When generating record comparisons from your blocking rules, your input dataset will be split into 200 parts (jobs).

This is generally insufficient for large jobs because, whilst 200 parts may be sufficient for your input dataset, the dataset of comparisons generated by your blocking rules is typically 10 times as large more.

Furthermore, blocking rules can often result in skew - e.g. the number of comparisons generated by 'John's is larger than those generated by 'Robin's - meaning that if a few 'John's happen to end up on the same node, it can run out of memory.

Solution: Increase spark's parallelism¶

Try increasing the spark's parallelism as follows (start with 1000, but try different values)

spark.conf.set("spark.sql.shuffle.partitions", "1000")
spark.conf.set("spark.default.parallelism", "1000")

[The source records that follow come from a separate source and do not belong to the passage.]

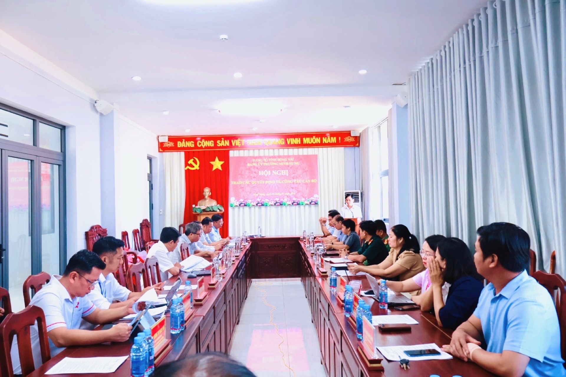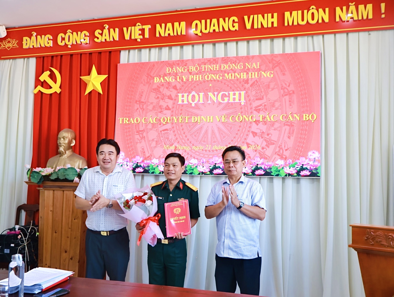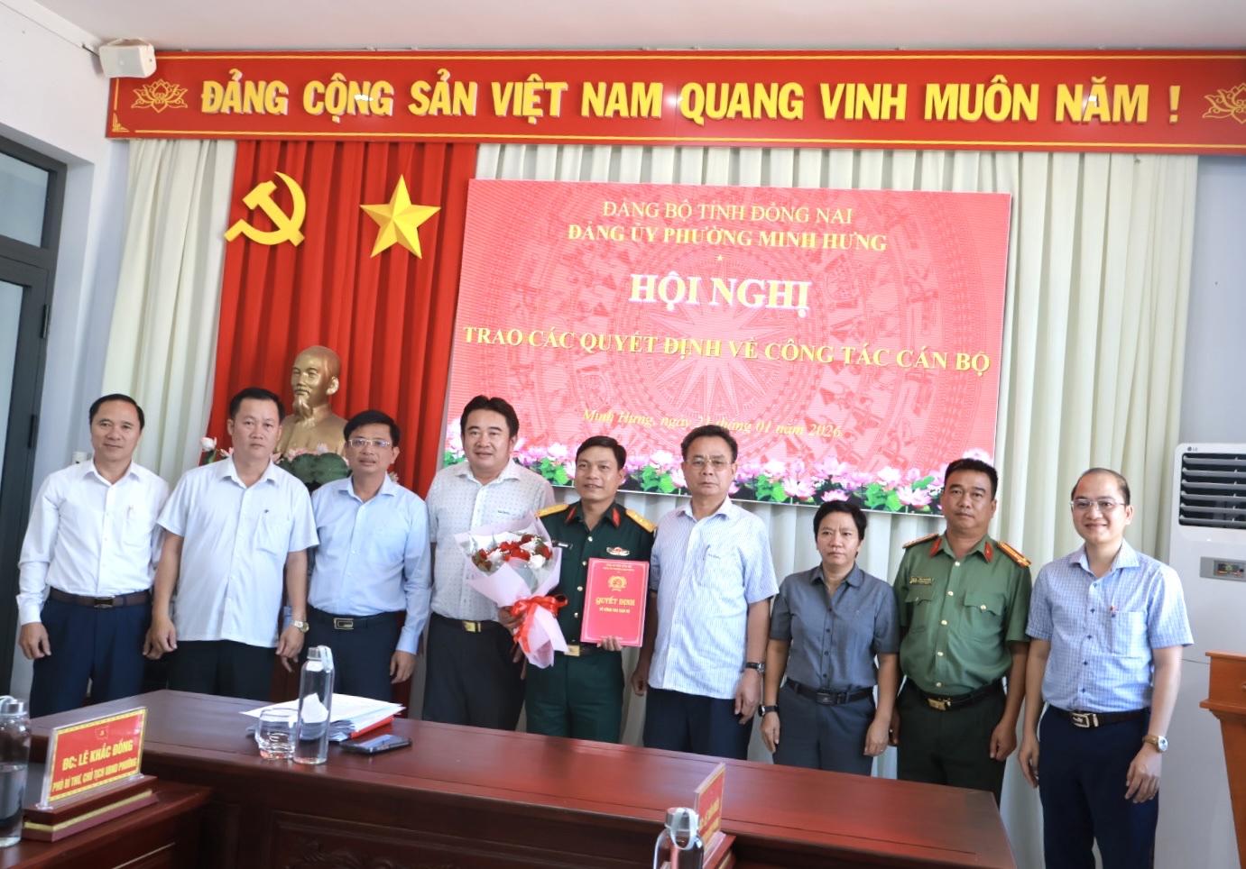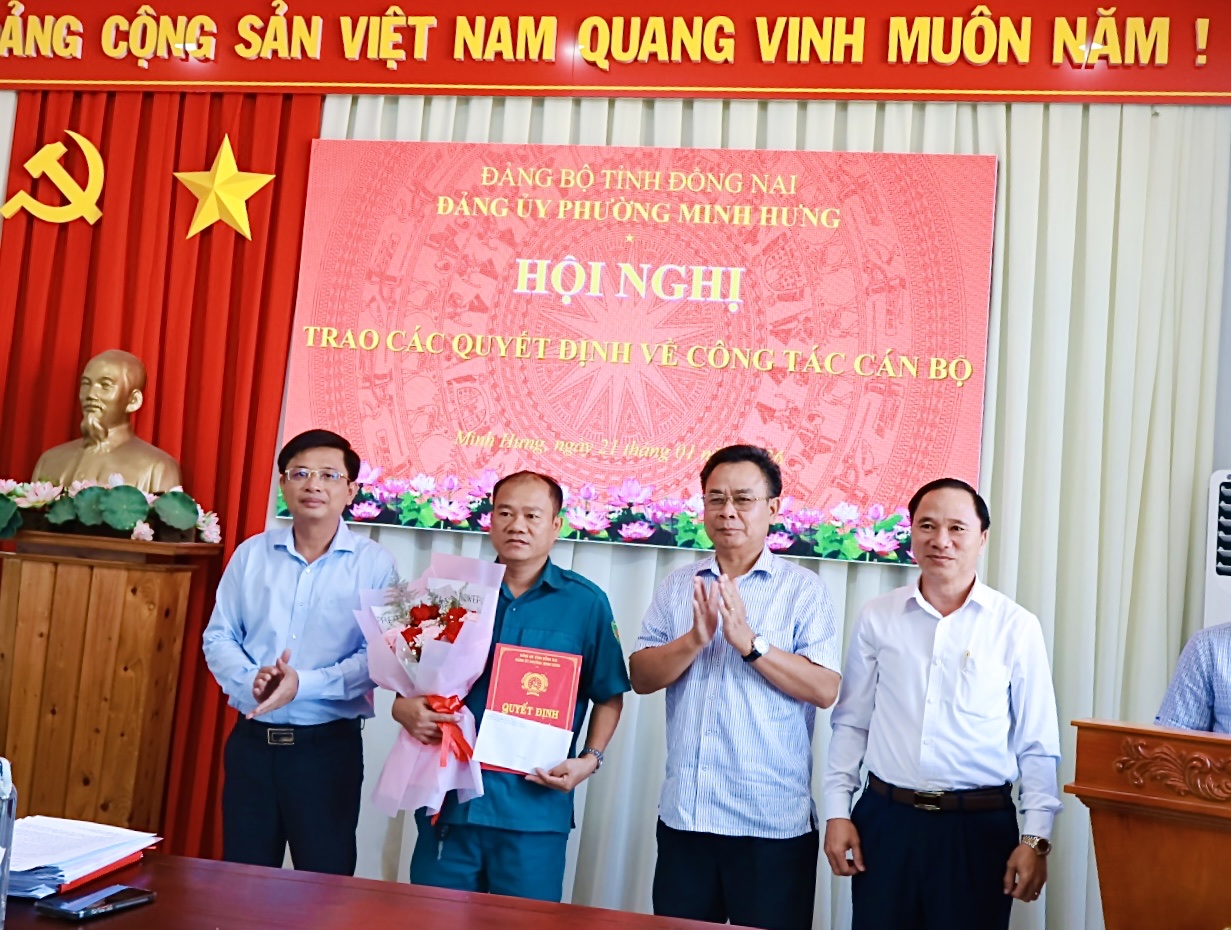 Tại Hội nghị, đồng chí Bùi Quang Anh Giao – Ủy viên Ban Thường vụ Đảng ủy, Trưởng Ban Xây dựng Đảng đã công bố các Quyết định của cấp có thẩm quyền, bao gồm: Quyết định miễn nhiệm chức vụ Chỉ huy trưởng Ban Chỉ huy Quân sự phường Minh Hưng; Quyết định bổ nhiệm chức vụ cán bộ; Quyết định chỉ định bổ sung Ủy viên Ban Chấp hành Đảng bộ, Ban Thường vụ Đảng ủy phường Minh Hưng nhiệm kỳ 2025 – 2030 đối với đồng chí Trung tá Trần Kim Giao – Phó Chỉ huy trưởng Ban Chỉ huy PTKV4 – Bình Long, Bộ Chỉ huy Quân sự tỉnh Đồng Nai.
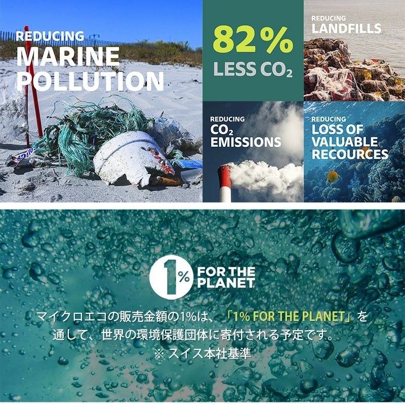 同社はこうした課題に対応するため、海洋から回収されたペットボトルや廃棄ネットなどをリサイクルした素材を活用し製品を開発。ECOラインは資源循環による環境負荷低減に加え、製造工程において最大82%のCO₂排出削減を実現している点が特長である。また、スイス本社の基準に基づき、「1% for the Planet」を通じて、ECO製品の売上金額の1%を世界各国の環境保護団体へ寄付している。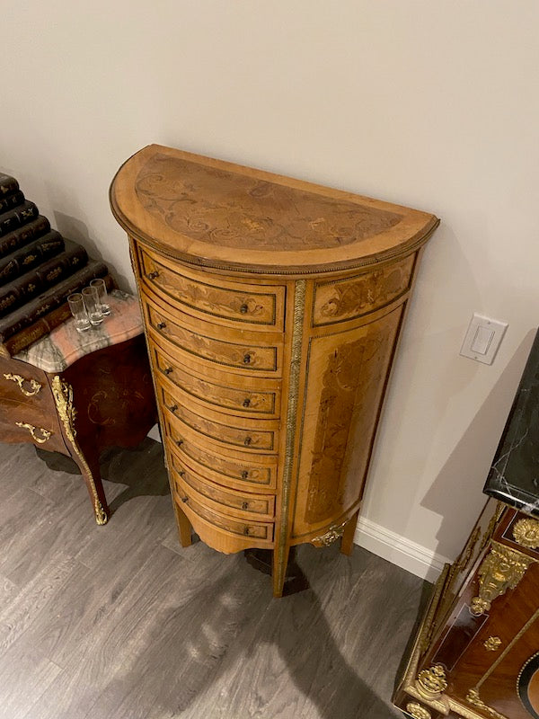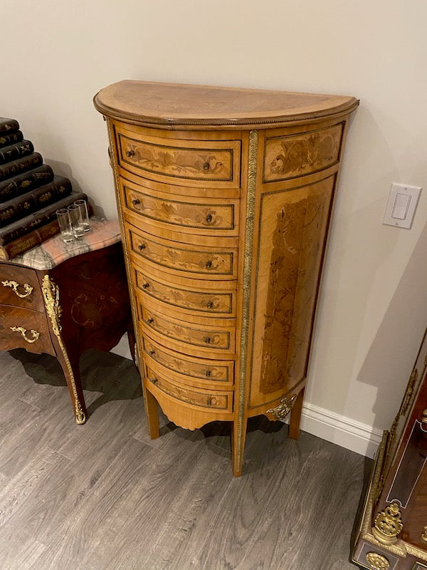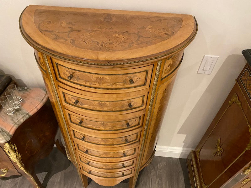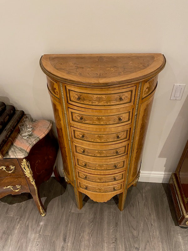 20th Century French Demilune Cabinet, 7 Drawers. Some fading on the top and the odd scratch throughout.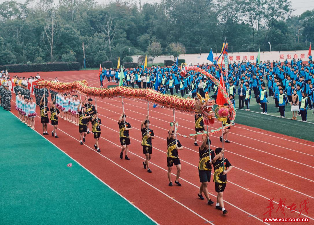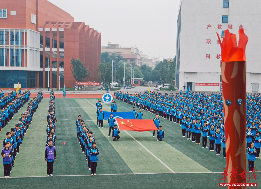 在全场期待中,校长黄定庄严宣布:“长沙市望城区职业中专第六届体育节,开幕!”圣火燃起,掌声雷动,标志着这场青春与体育的盛宴正式开启。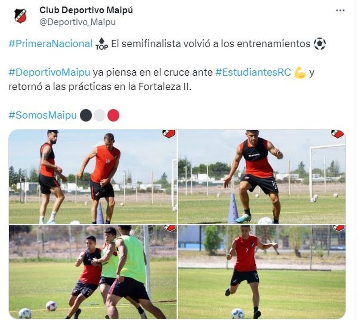 El plantel del Deportivo Maipú volvió a entrenar este miércoles en su predio, de cara al partido de ida por la semifinal por el segundo ascenso que protagonizará de visitante ante Estudiantes de Río Cuarto.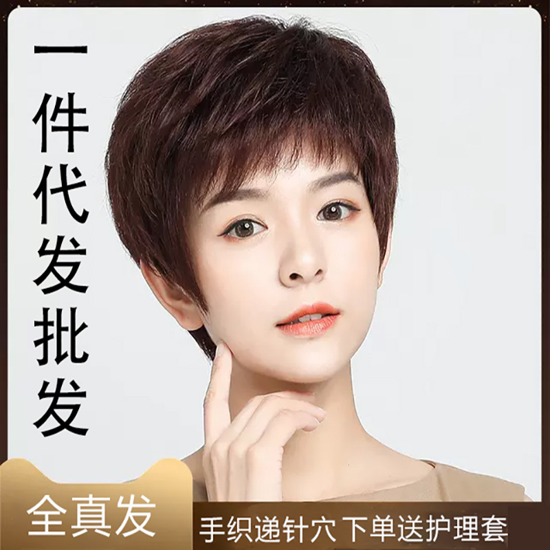 女性用ウィッグ、手編み三号ネット、梨花パーマ、本物の髪、自由に分けられるウィッグセット、軽くて通気性があります。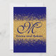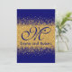 A modern wedding invitation with luxurious gold glitter confetti dissipating into a deep royal blue background. The card reverses to your text within a large blue rectangle framed in gold glitter. You can personalise with your details by clicking the customise link. This is part of a classy wedding suite which includes an envelope, a label, a menu and many more items.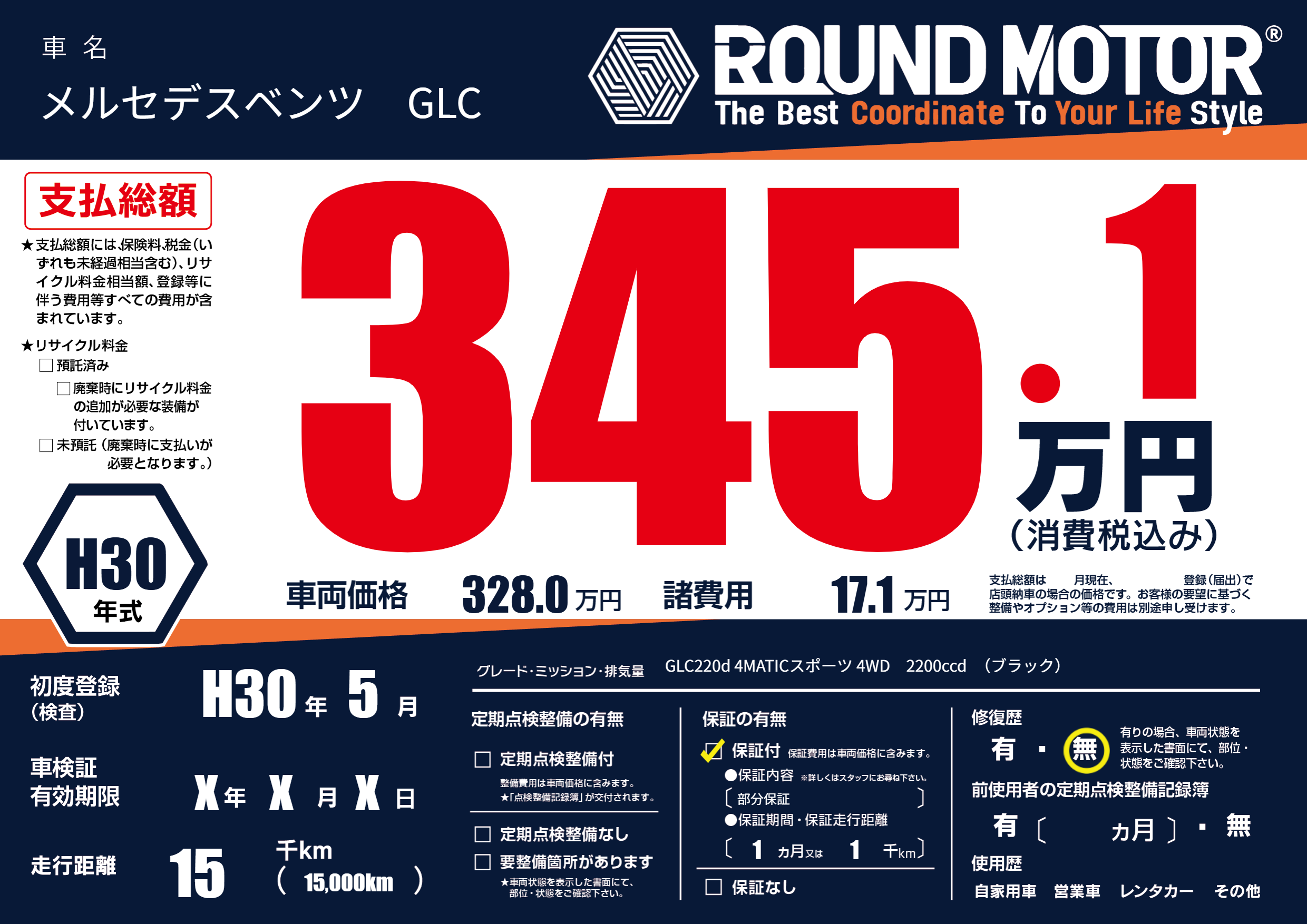 | 車名 | メルセデスベンツ GLC | グレード ミッション 排気量 |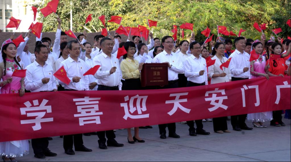 9月27日,开云app体育网页登录不上 师生迎接北京市人民政府天安门地区管理委员会向学校赠送的天安门广场国旗。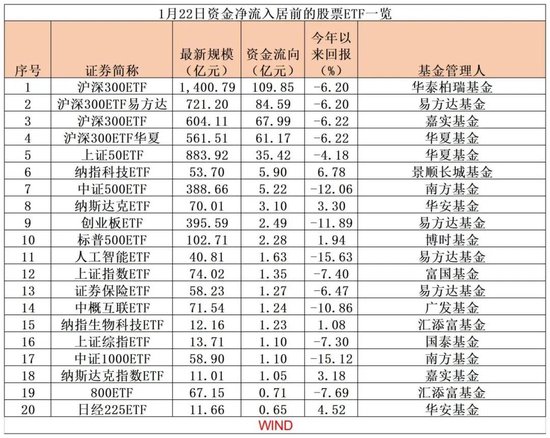 记者了解到,市场震荡之下,大型基金公司旗(金麒麟分析师)下ETF持续资金净流入。1月22日,易方达旗下ETF合计资金净流入89亿元。其中,易方达沪深300ETF一口气净流入84.6亿元,让该ETF场内规模增至721亿元,加场外规模总计734亿元。易方达创业板ETF、易方达中证人工智能ETF、易方达沪深300非银ETF净流入2.5亿元、1.6亿元、1.3亿元。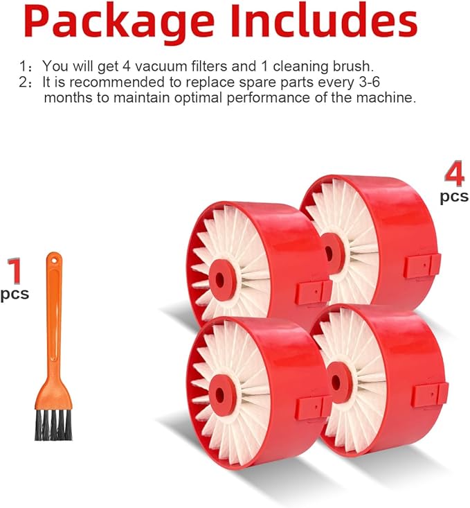- Package Content: 4 Pack BSV2020 Filters and 1 Cleaning Tool. To achieve optimal performance of the machine, it is recommended to replace the filters every 3-6 months.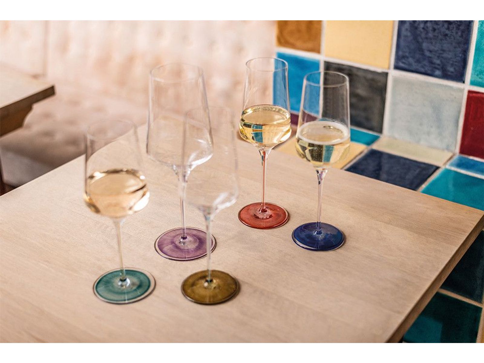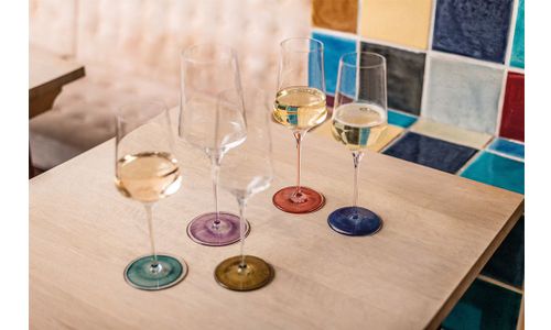 Mondgeblazen van Zwiesel, maakt Ink indruk met een gekleurde draad in de steel en een harmonieus gekleurde basis. Door middel van een complex proces, gebaseerd op traditionele handwerktechnieken, ontstaan ??individuele aquarelachtige kleurverlopen in de voet. De zo ontstane dynamiek wordt ondersteund door het frisse kleurenpalet en het samenspel van de verschillende kleuren handgreep en basis. De innovatieve onderste delen contrasteren met de functionele bovenste delen, die elk drankje de ideale omgeving bieden om van te genieten.

3. Failing to 'break the lineage'.¶

⚠️ Increasing the size of your Spark cluster will sometimes mitigate these issues but there is a more efficient solution

By default, splink attempts to compute its results as a single spark job. However, there is a known problem in Spark of long lineage, and iterative algorithms like the one used by splink are often cited as the culprit.

Breaking the lineage means splitting the job up into smaller parts which can be computed independently. This can result in somewhat longer execution times (perhaps 30% longer), but often allows the same job to successfully complete on a smaller cluster.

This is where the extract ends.